* [Records for processing]:
******

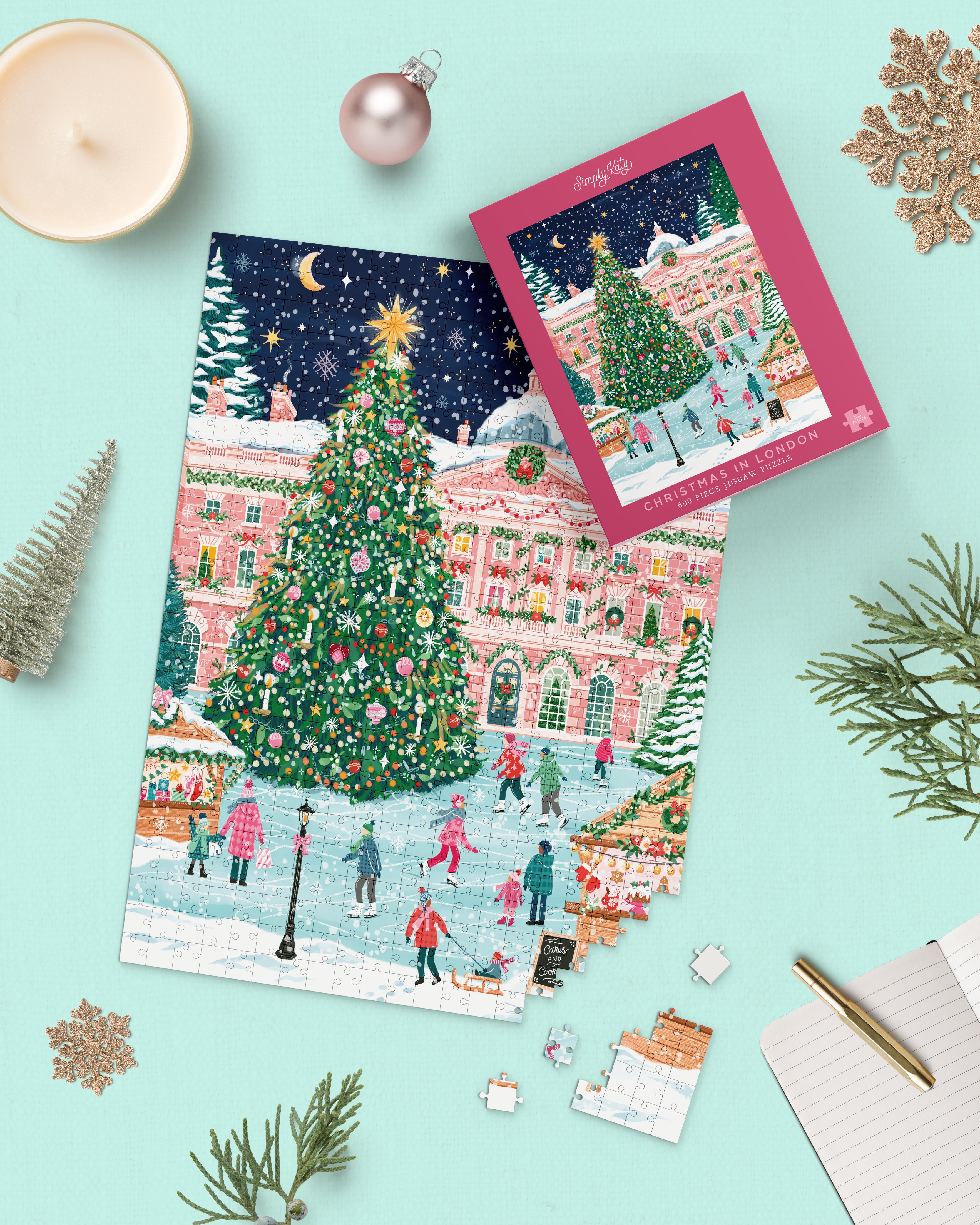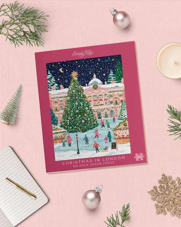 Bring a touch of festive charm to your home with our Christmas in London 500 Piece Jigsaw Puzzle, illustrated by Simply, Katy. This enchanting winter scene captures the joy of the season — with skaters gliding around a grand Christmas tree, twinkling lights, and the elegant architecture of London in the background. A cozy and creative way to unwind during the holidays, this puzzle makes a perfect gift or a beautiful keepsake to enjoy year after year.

******

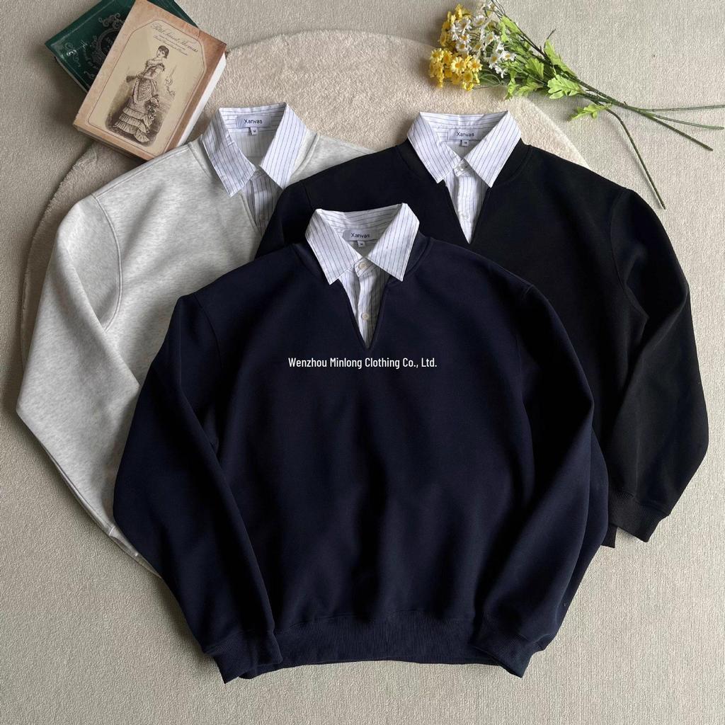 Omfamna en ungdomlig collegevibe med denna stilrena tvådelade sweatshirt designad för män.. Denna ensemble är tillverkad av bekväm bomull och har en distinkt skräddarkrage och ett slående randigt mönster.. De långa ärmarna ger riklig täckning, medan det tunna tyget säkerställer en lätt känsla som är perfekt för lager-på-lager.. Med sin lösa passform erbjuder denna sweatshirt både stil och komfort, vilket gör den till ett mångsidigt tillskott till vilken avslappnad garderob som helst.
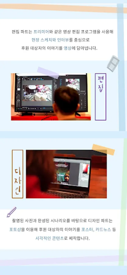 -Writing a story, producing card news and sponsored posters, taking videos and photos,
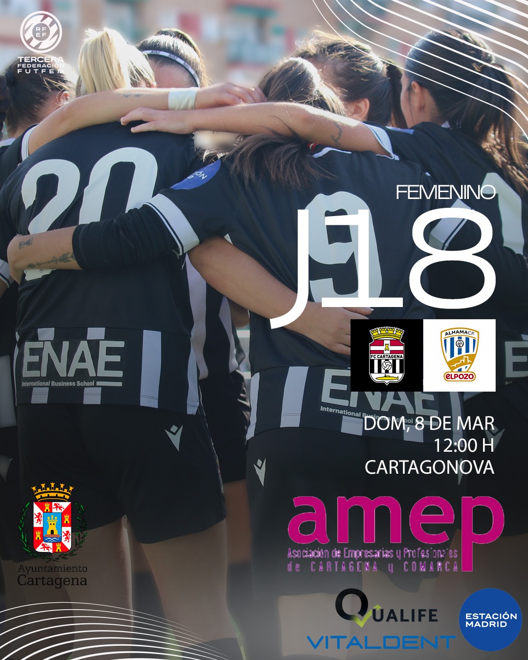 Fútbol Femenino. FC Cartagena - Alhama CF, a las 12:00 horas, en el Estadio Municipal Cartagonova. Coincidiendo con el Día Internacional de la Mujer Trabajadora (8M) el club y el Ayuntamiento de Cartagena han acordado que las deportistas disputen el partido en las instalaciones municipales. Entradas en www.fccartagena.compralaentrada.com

******

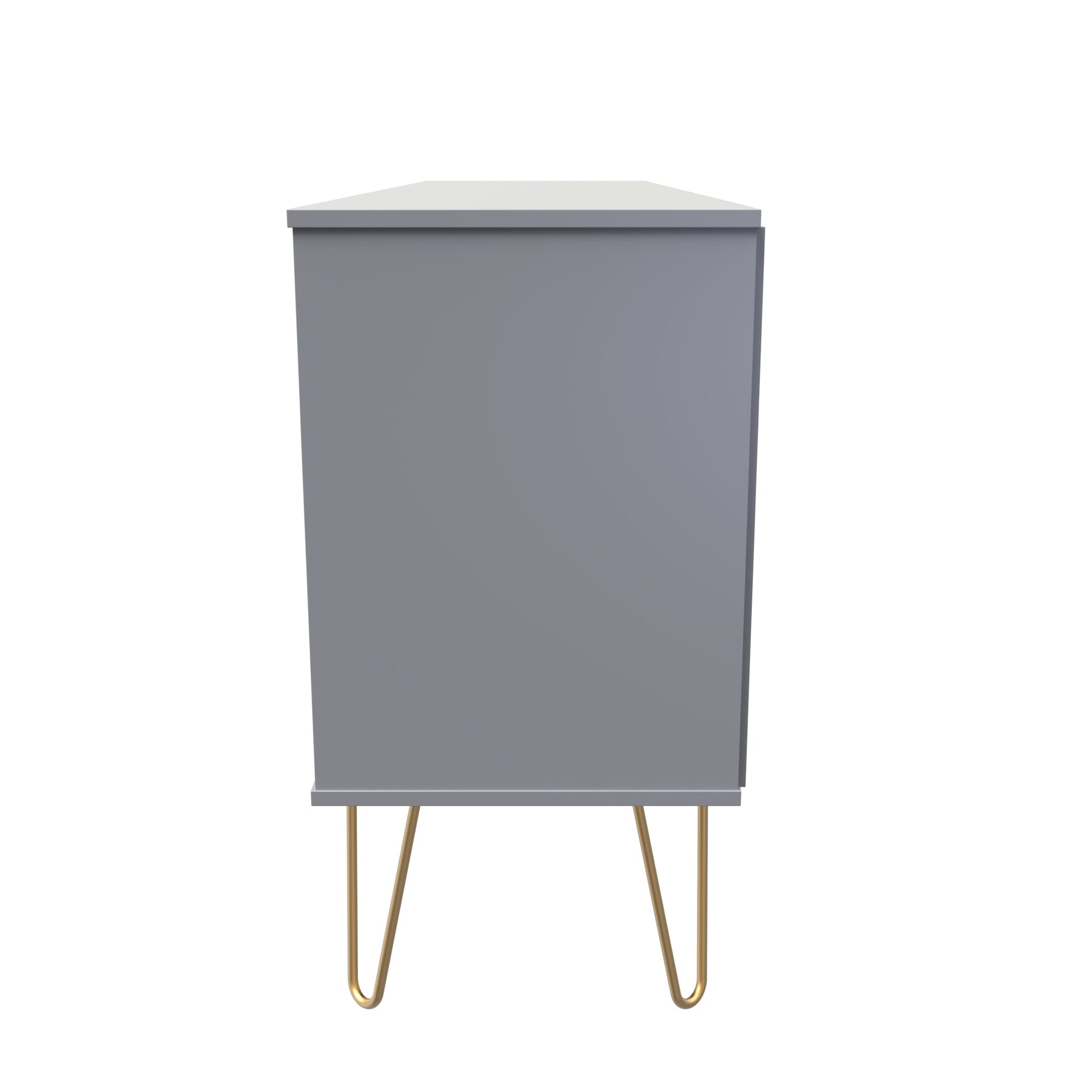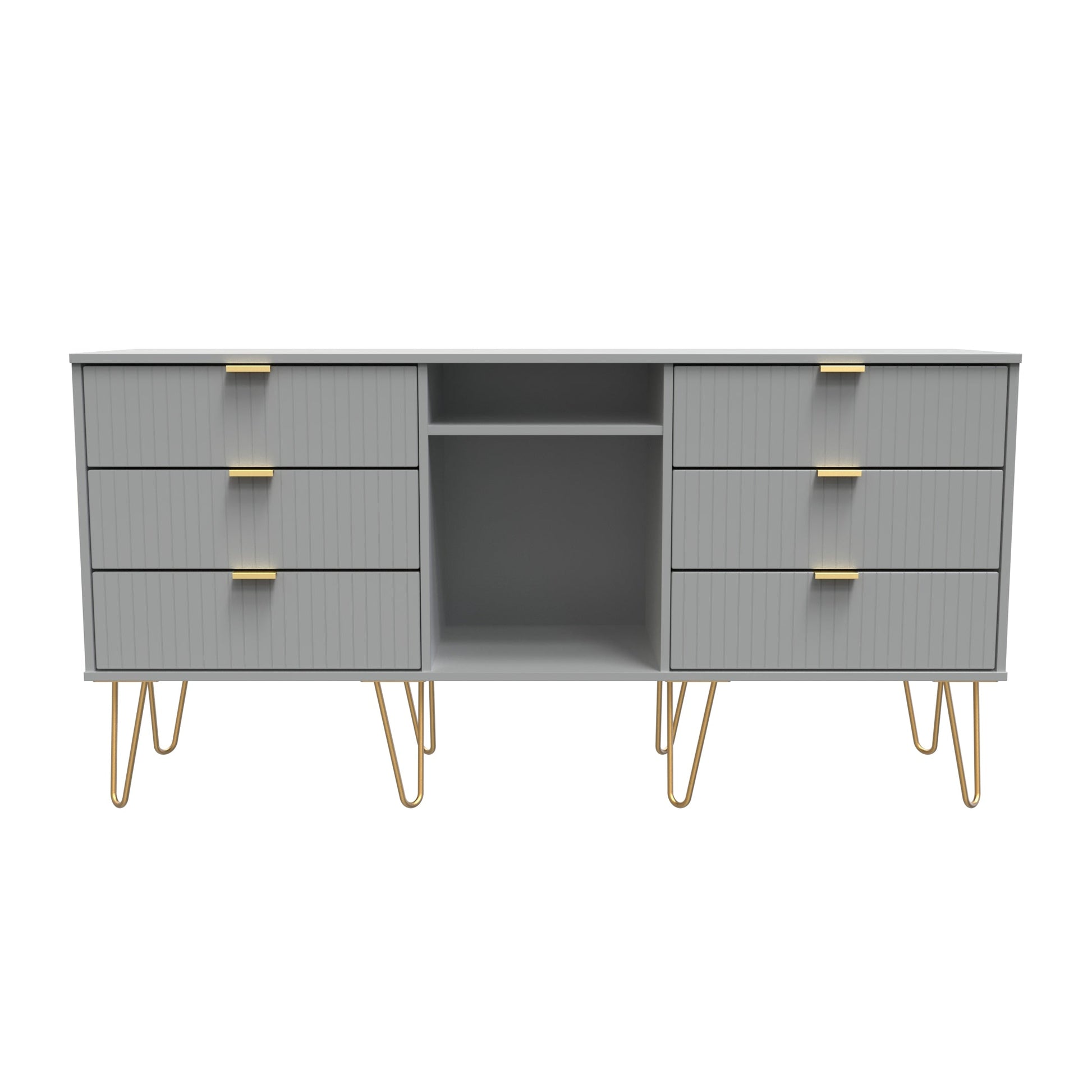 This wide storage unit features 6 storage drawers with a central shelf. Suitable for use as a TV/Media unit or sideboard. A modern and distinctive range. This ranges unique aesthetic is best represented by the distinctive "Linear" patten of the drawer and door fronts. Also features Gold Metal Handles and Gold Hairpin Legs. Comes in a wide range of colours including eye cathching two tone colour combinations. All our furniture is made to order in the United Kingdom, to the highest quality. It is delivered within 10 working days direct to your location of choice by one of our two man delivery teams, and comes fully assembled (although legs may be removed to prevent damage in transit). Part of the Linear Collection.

******

* [What to do]: Every line from the one with "-Writing a story, producing" through the one with "Fútbol Femenino. FC" is to be reproduced exactly as written above, and the pictures are to be dropped.

* [Response for this exercise]:
 -Writing a story, producing card news and sponsored posters, taking videos and photos,
 Fútbol Femenino. FC Cartagena - Alhama CF, a las 12:00 horas, en el Estadio Municipal Cartagonova. Coincidiendo con el Día Internacional de la Mujer Trabajadora (8M) el club y el Ayuntamiento de Cartagena han acordado que las deportistas disputen el partido en las instalaciones municipales. Entradas en www.fccartagena.compralaentrada.com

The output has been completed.